From c30df085d5aa27ad45b19bf6f1b68bc44db22a2c Mon Sep 17 00:00:00 2001
From: Mate Balajti <mate.balajti@unibas.ch>
Date: Sun, 13 Aug 2023 21:27:37 +0000
Subject: [PATCH] feat: add logging and update setup.py

---
 cdna/cdna.py                                  | 18 +++++++---
 cdna/cli.py                                   | 30 ++++++++---------
 exampleInput.sh                               |  4 ---
 setup.py                                      | 33 +++++++++++++------
 .../transcript-checkpoint.fasta               |  8 -----
 {test_files => tests/test_files}/.gitkeep     |  0
 .../test_files}/Example_GTF_Input.GTF         |  0
 {test_files => tests/test_files}/cDNA.csv     |  0
 {test_files => tests/test_files}/cDNA.fasta   |  0
 .../test_files}/copy_number_file.csv          |  0
 .../test_files}/copy_number_input.csv         |  0
 .../test_files}/transcript.fasta              |  0
 .../test_files}/yeast_example.fa              |  0
 13 files changed, 49 insertions(+), 44 deletions(-)
 delete mode 100644 exampleInput.sh
 delete mode 100644 test_files/.ipynb_checkpoints/transcript-checkpoint.fasta
 rename {test_files => tests/test_files}/.gitkeep (100%)
 rename {test_files => tests/test_files}/Example_GTF_Input.GTF (100%)
 rename {test_files => tests/test_files}/cDNA.csv (100%)
 rename {test_files => tests/test_files}/cDNA.fasta (100%)
 rename {test_files => tests/test_files}/copy_number_file.csv (100%)
 rename {test_files => tests/test_files}/copy_number_input.csv (100%)
 rename {test_files => tests/test_files}/transcript.fasta (100%)
 rename {test_files => tests/test_files}/yeast_example.fa (100%)

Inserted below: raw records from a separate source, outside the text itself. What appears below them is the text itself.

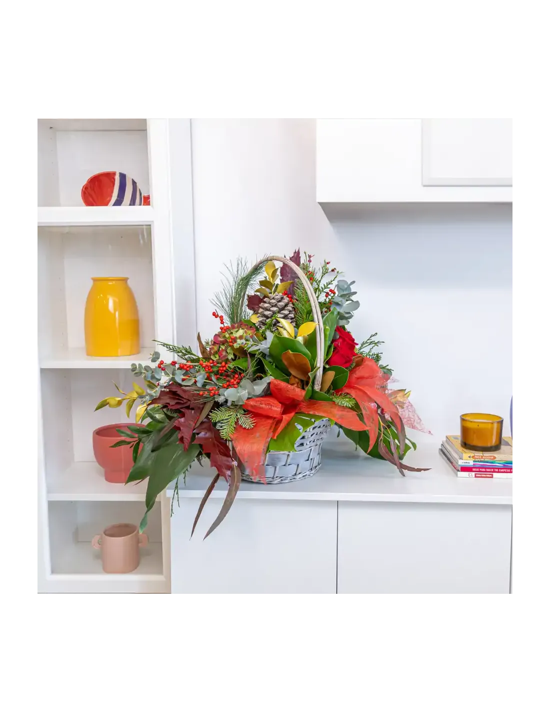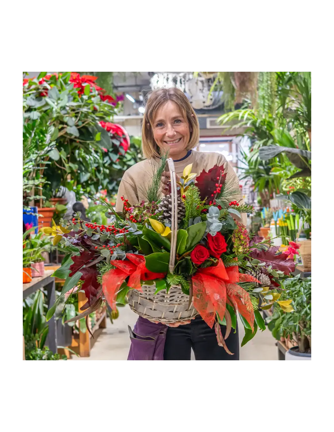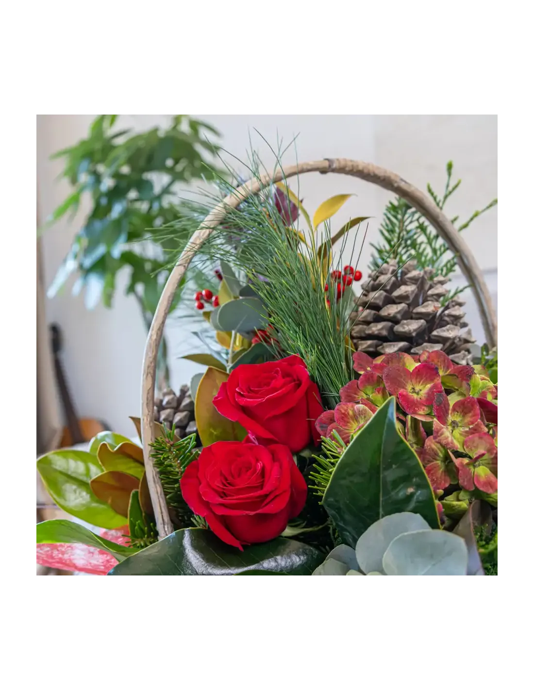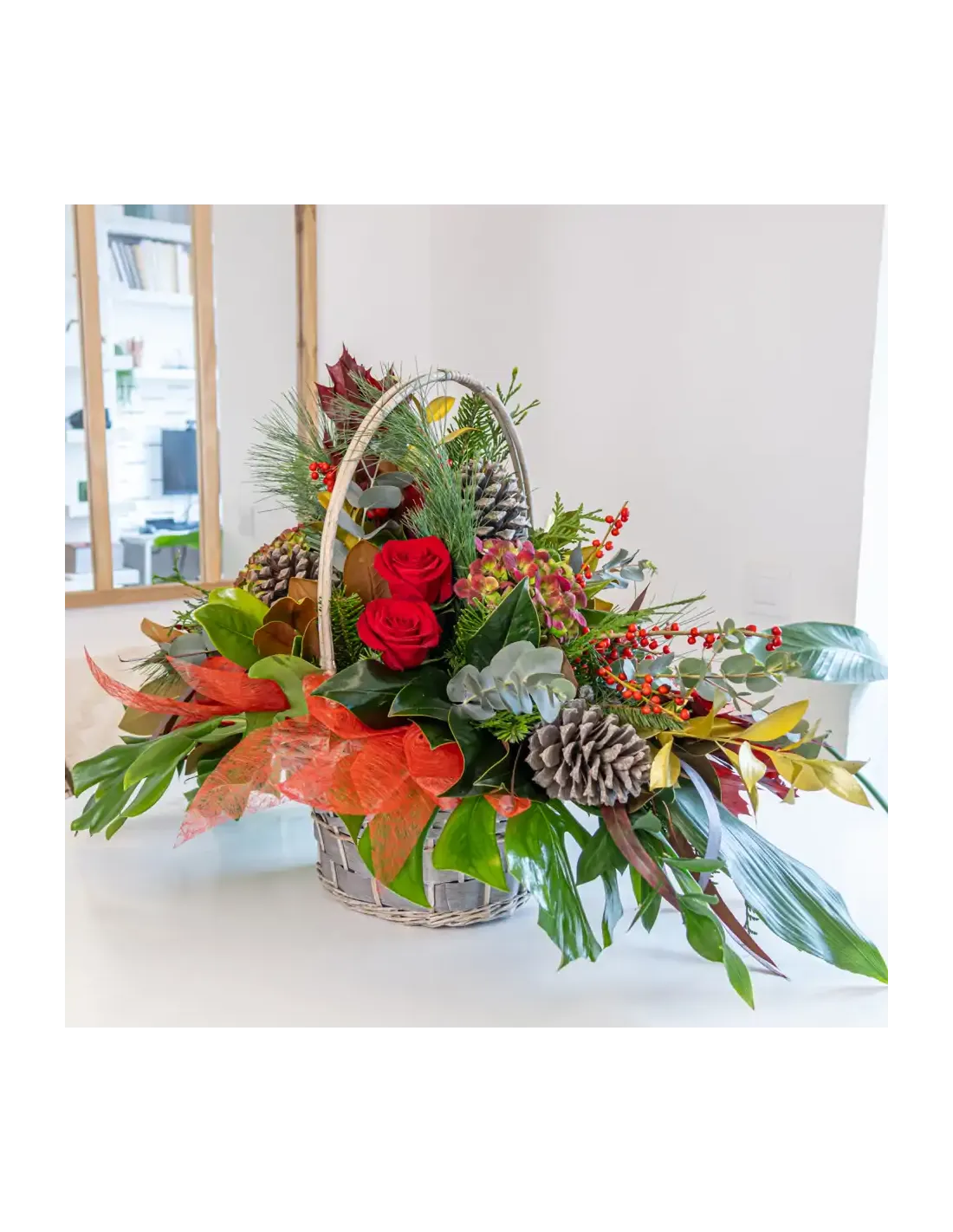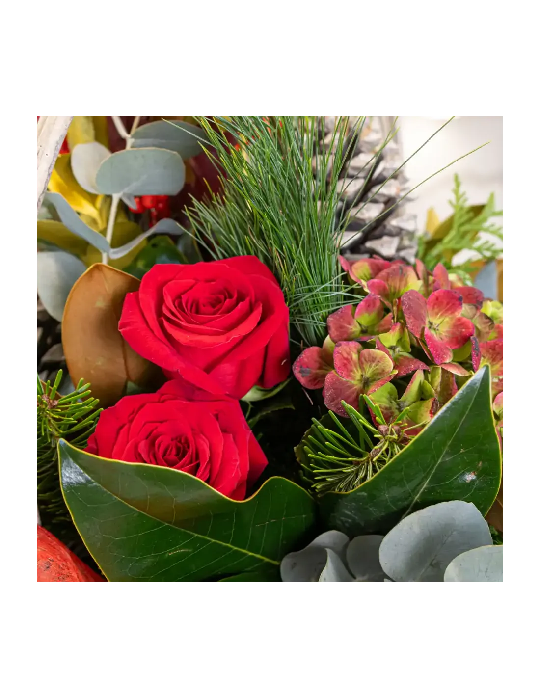 Aquest ram és una celebració del Nadal en la màxima expressió. La intensitat de les roses vermelles es combina amb la bellesa hivernal de l'Ilex, les hortènsies i l'encant natural de les pinyes. Complementat amb la frescor del pi, avet, eucaliptus i el toc únic del ruscus i kerkus, aquest disseny aporta calidesa i sofisticació a qualsevol espai.
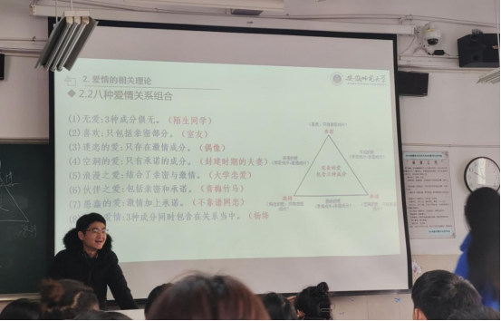 会上,刘熠将恋爱理论知识与古诗文《陌上桑》结合,声情并茂地向讲解观点,并从日常化的角度,极大程度地调动起了同学们的对于讲解内容的兴趣。刘熠还带领同学们温习大一时期的心理健康教育课程内容,强调了八种爱情关系,告诫同学们要树立正确的恋爱观,已有恋爱对象的同学们则要与自己的恋人保持着健康的爱情关系。
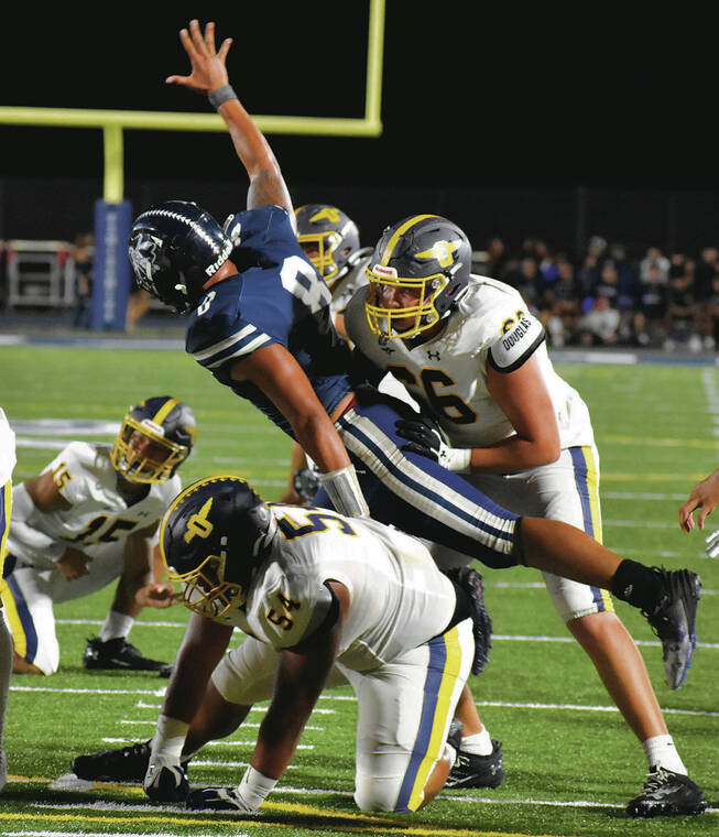 Jerry Campany / Jcampany@staradvertiser.com Kamehameha's Tristan Waiamau-Galindo tried to block a kick on Friday.
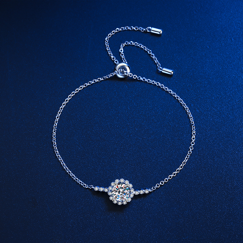 D color Moissan stone bracelet female 925 sterling silver ins niche light luxury diamond round bag birthday gift to girlfriend
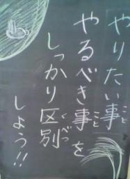今日は、長女の塾の授業参観でした。みんなが一つの校舎に集まり、合同での授業参観です。内容は、パズル。音読。親子で工作。パズルと音読は、時間内で自由に進めるので、教室内は凄い熱気。出来た人から、挙手。ご褒美のシールを貰い、次の課題へ。まるで、戦いのようで、いつもと違う空気に触れ、少しビックリ。 玄関すぐに、このボード。やりたい事しかしない私には、耳が痛いなぁ。 そういや、今日は長男の空手の試合でした。旦那が仕事の為、T家にお世話になる事に。本当、助かりました。ありがとう。そして、長男の結果は一回戦負け。はぁ~、テンション下がります(涙)

diff --git a/cdna/cdna.py b/cdna/cdna.py
index 7593fb0..db41389 100644
--- a/cdna/cdna.py
+++ b/cdna/cdna.py
@@ -1,5 +1,6 @@
 """cDNA generator."""
 import warnings
+import logging
 from typing import Optional, List, Dict, Any
 import pandas as pd  # type: ignore
 from Bio import SeqIO  # type: ignore
@@ -7,6 +8,8 @@ from Bio.Seq import Seq  # type: ignore
 from Bio.SeqRecord import SeqRecord  # type: ignore
 from gtfparse import read_gtf  # type: ignore
 
+LOG = logging.getLogger(__name__)
+
 # ignore warnings from read_gtf
 warnings.filterwarnings(action="ignore", category=FutureWarning)
 
@@ -23,7 +26,7 @@ def complement(res: str) -> str:
     """
     translate_dict = {"A": "T", "T": "A", "U": "A", "G": "C", "C": "G"}
     if res not in translate_dict:
-        print(f"Unknown character, {res}")
+        LOG.warning("Unknown character, %s", res)
         raise ValueError
     return translate_dict[res]
 
@@ -40,7 +43,9 @@ def seq_complement(sequence: str) -> Optional[str]:
     """
     if sequence is None:
         return None
-    _ = "".join([complement(char) for char in str(sequence)])[::-1]  # reverse string # noqa: E501
+    _ = "".join([
+        complement(char) for char in str(sequence)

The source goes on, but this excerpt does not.